GENERATION_CONFIG = GenerationConfig(
# What should be outputted
max_new_tokens=256,
# Controlling how the model chooses the next token to generate
do_sample=True,
temperature=0.2,
repetition_penalty=1.2,
top_k=50,
top_p=0.95,
# Miscellaneous required settings
eos_token_id=tokenizer.eos_token_id,
pad_token_id=tokenizer.eos_token_id,
use_cache=False, # Required by unsloth
)
Let's use TextStreamer
for continuous inference - so you can see the generation token by token, instead of waiting the whole time!
messages = [
dict(
role="system",
content="" # Change this to anything you want
),
dict(
role="user",
content="Hvad synes du om Danish Foundation Models projektet? Skriv kortfattet." # And change this too
),
]
outputs = model.generate(
input_ids=tokenizer.apply_chat_template(chat, tokenize=True, add_generation_prompt=True, return_tensors="pt").to("cuda"),
streamer=TextStreamer(tokenizer, skip_prompt=True, skip_special_tokens=True),
generation_config=GENERATION_CONFIG,
)
Share the Model¶
You can share your new model to the Hugging Face Hub - this requires that you've included your Hugging Face token at the top of this notebook.
# model.push_to_hub("your_name/qlora_model", token=HUGGING_FACE_TOKEN)
Extra: Export Model to Other Frameworks¶
Saving to float16 for vLLM¶
The popular inference framework vLLM can take advantage of having a model available in lower precision, enabling faster inference times.
You can uncomment the following lines if you want to save the model in 16-bit or even 4-bit precision:
# Merge to 16bit
# model.save_pretrained_merged("model", tokenizer, save_method="merged_16bit",)
# model.push_to_hub_merged("hf/model", tokenizer, save_method="merged_16bit", token=HUGGING_FACE_TOKEN)
# Merge to 4bit
# model.save_pretrained_merged("model", tokenizer, save_method="merged_4bit",)
# model.push_to_hub_merged("hf/model", tokenizer, save_method="merged_4bit", token=HUGGING_FACE_TOKEN)
Alternatively, you can save only the adapter weights, which are very light, but which requires the base model to be able to use it:
# Just LoRA adapters
# model.save_pretrained_merged("model", tokenizer, save_method="lora",)
# model.push_to_hub_merged("hf/model", tokenizer, save_method="lora", token=HUGGING_FACE_TOKEN)

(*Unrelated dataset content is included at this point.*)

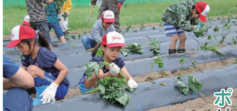
丁寧にさつまいもの苗を植える参加者

鬼怒フラワーライン(鬼怒川大形橋上流左岸河川敷)で、花と一万人の会が主催する「さつまいも定植大会」が行われました。

GGUF / llama.cpp Conversion¶
You can also save the model in the popular GGUF
or llama.cpp
formats, by uncommenting any of the following:
# Save to 8bit Q8_0
# model.save_pretrained_gguf("model", tokenizer)
# model.push_to_hub_gguf("hf/model", tokenizer, token=HUGGING_FACE_TOKEN)
# Save to 16bit GGUF
# model.save_pretrained_gguf("model", tokenizer, quantization_method="f16")
# model.push_to_hub_gguf("hf/model", tokenizer, quantization_method="f16", token=HUGGING_FACE_TOKEN)
# Save to q4_k_m GGUF
# model.save_pretrained_gguf("model", tokenizer, quantization_method="q4_k_m")
# model.push_to_hub_gguf("hf/model", tokenizer, quantization_method="q4_k_m", token=HUGGING_FACE_TOKEN)
Now, use the model-unsloth.gguf
file or model-unsloth-Q4_K_M.gguf
file in llama.cpp
or a UI based system like GPT4All
. You can install GPT4All by going here.